__What the task requires__: Each line of the data below between the one containing "Jakarta - Sejumlah" and the one containing "外運![]() | 八木田暖大桜さんの外運は36画の3つ星!先見性が豊かです。多少神経質で苦労することも。", both included, is to be repeated exactly. Please omit pictures.

__Task material__:
:::::

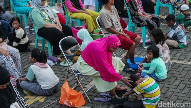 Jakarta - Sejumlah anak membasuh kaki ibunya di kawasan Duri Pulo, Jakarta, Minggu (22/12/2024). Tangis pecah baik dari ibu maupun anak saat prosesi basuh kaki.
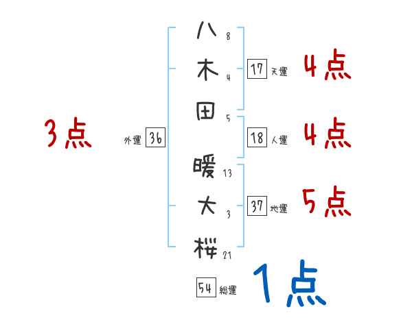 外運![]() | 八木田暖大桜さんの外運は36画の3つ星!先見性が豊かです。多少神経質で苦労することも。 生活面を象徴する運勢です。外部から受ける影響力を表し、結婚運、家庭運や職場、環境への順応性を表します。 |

:::::

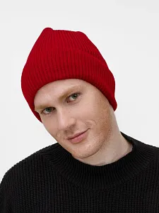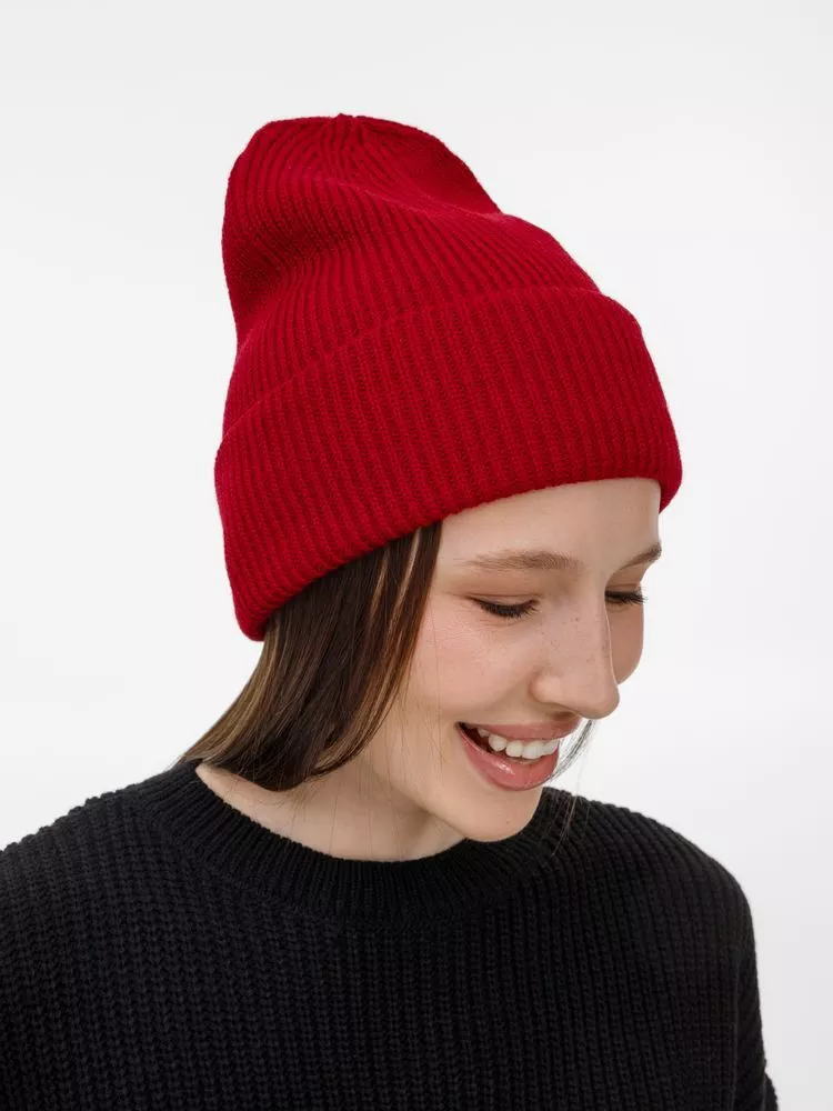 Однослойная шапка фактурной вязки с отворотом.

:::::

__Output__:
 Jakarta - Sejumlah anak membasuh kaki ibunya di kawasan Duri Pulo, Jakarta, Minggu (22/12/2024). Tangis pecah baik dari ibu maupun anak saat prosesi basuh kaki.
 外運![]() | 八木田暖大桜さんの外運は36画の3つ星!先見性が豊かです。多少神経質で苦労することも。 生活面を象徴する運勢です。外部から受ける影響力を表し、結婚運、家庭運や職場、環境への順応性を表します。 |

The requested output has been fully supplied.